3. Number of Experts Used to Establish Ground Truth for the Test Set and Qualifications:

• Not Applicable. Ground truth in the context of diagnostic AI/ML algorithms relies on human expert consensus or clinical outcomes. For this mechanical device, "ground truth" is established by standard engineering principles, test methodologies (e.g., ISO standards, ASTM standards), and regulatory guidelines. The "experts" would be the engineers and technicians conducting the tests and the regulatory specialists evaluating the data.

4. Adjudication Method for the Test Set:

• Not Applicable. Adjudication is relevant for conflicting interpretations of clinical data, especially in image-based diagnostics. For mechanical engineering tests, results are typically quantitative and objective measurements (e.g., cycles to failure, deflection, etc.).

5. If a Multi-Reader Multi-Case (MRMC) Comparative Effectiveness Study was done, and Effect Size:

• No. An MRMC study is specific to evaluating the diagnostic performance of human readers, often comparing performance with and without AI assistance. This device is a mechanical implant, not a diagnostic tool, so such a study is not relevant.

6. If a Standalone (algorithm only without human-in-the-loop performance) was done:

• No. This refers to the standalone performance of an AI algorithm. This device is a physical product, not an algorithm.

7. The Type of Ground Truth Used:

• Engineering Standards and Predicate Device Performance.

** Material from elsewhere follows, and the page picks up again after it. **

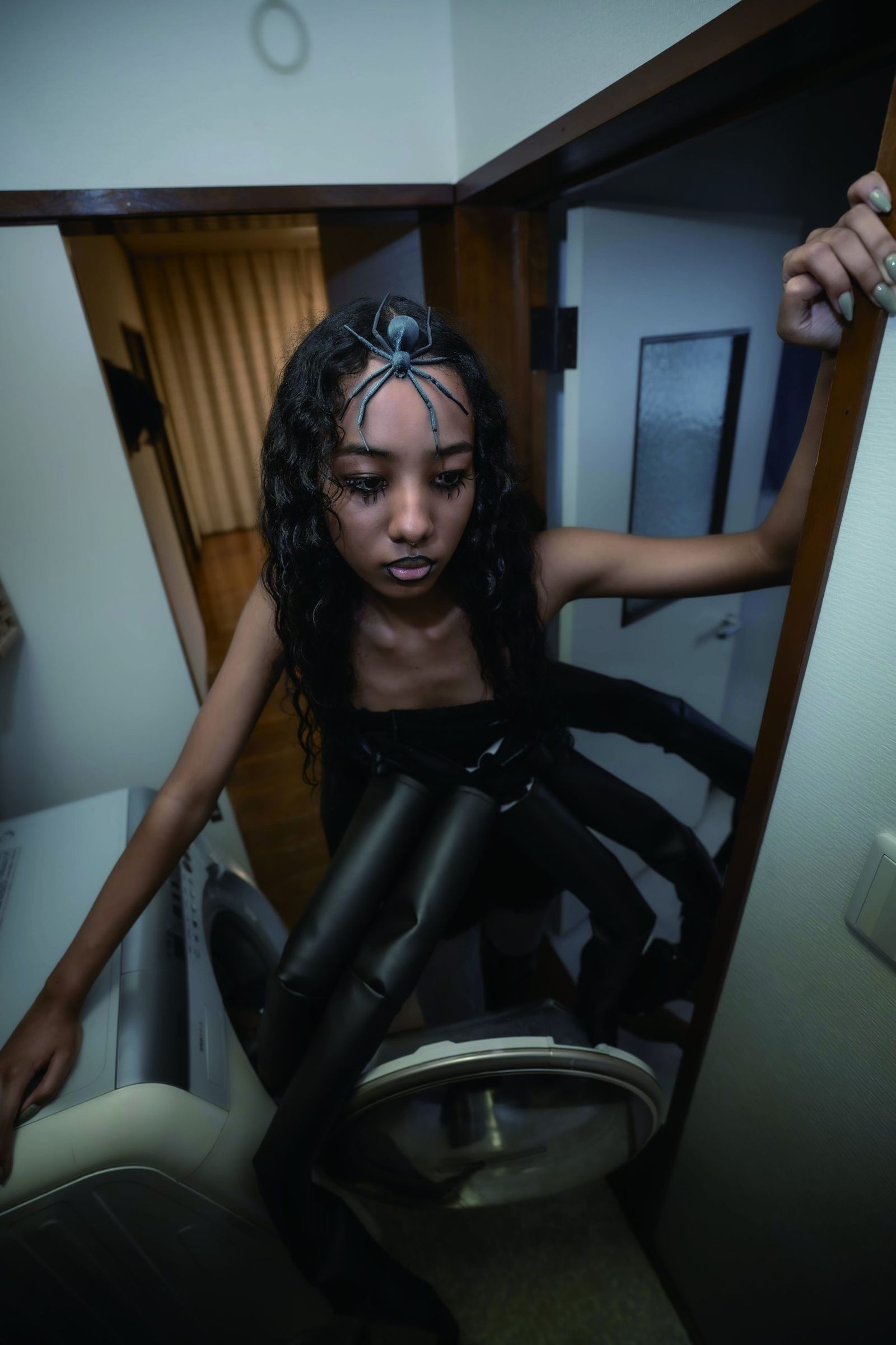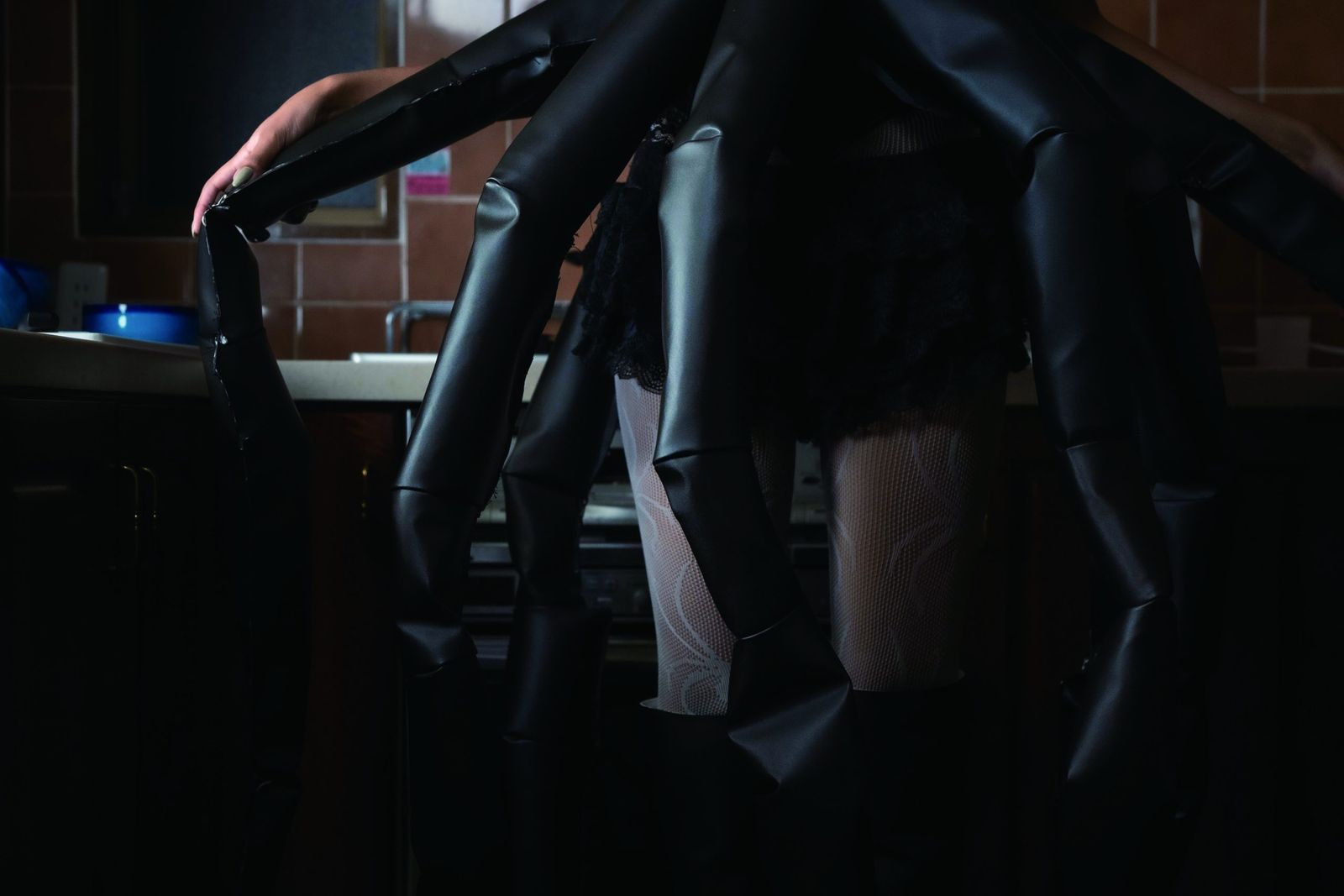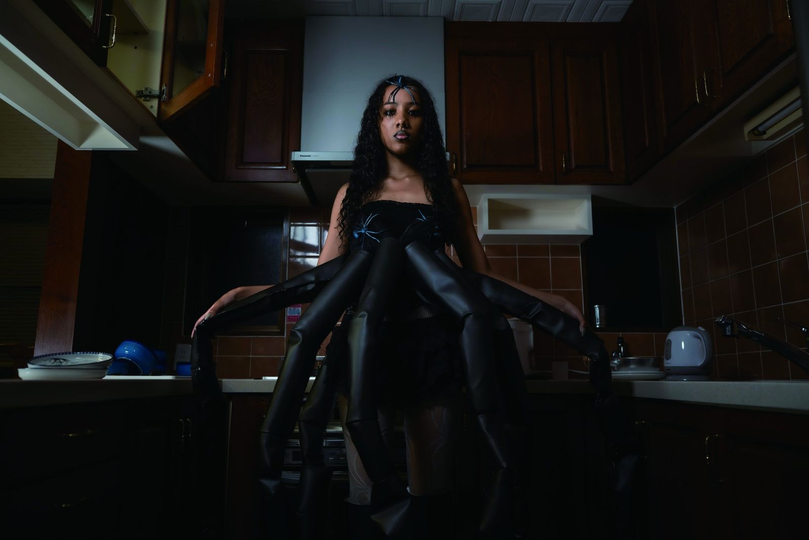 八ツ田:私は主に、ブーツカバーの制作を担当していたのですが、フェイクレザーをミシンで縫い合わせたり、黒のレースを手縫いで付けたりする作業に少し苦労しました。撮影の際は、なるべく蜘蛛の足を広げてセッティングすることでシルエットがより蜘蛛に近づくように心掛けました。

The "ground truth" for this submission is established by demonstrating that the new device performs mechanically at least as well as the legally marketed predicate device when tested according to recognized engineering standards and methods. It's a comparative performance, not a clinical outcome or pathological diagnosis.

8. The Sample Size for the Training Set:

• Not Applicable. "Training set" refers to data used to train AI/ML algorithms. This is a traditional medical device, not an AI/ML product.

9. How the Ground Truth for the Training Set was Established:

• Not Applicable. See point 8.

In conclusion, this document demonstrates that the Exactech® Alteon® HA Femoral Stem meets the requirements for substantial equivalence for a 510(k) submission based on benchtop engineering testing, not clinical study data for diagnostic performance.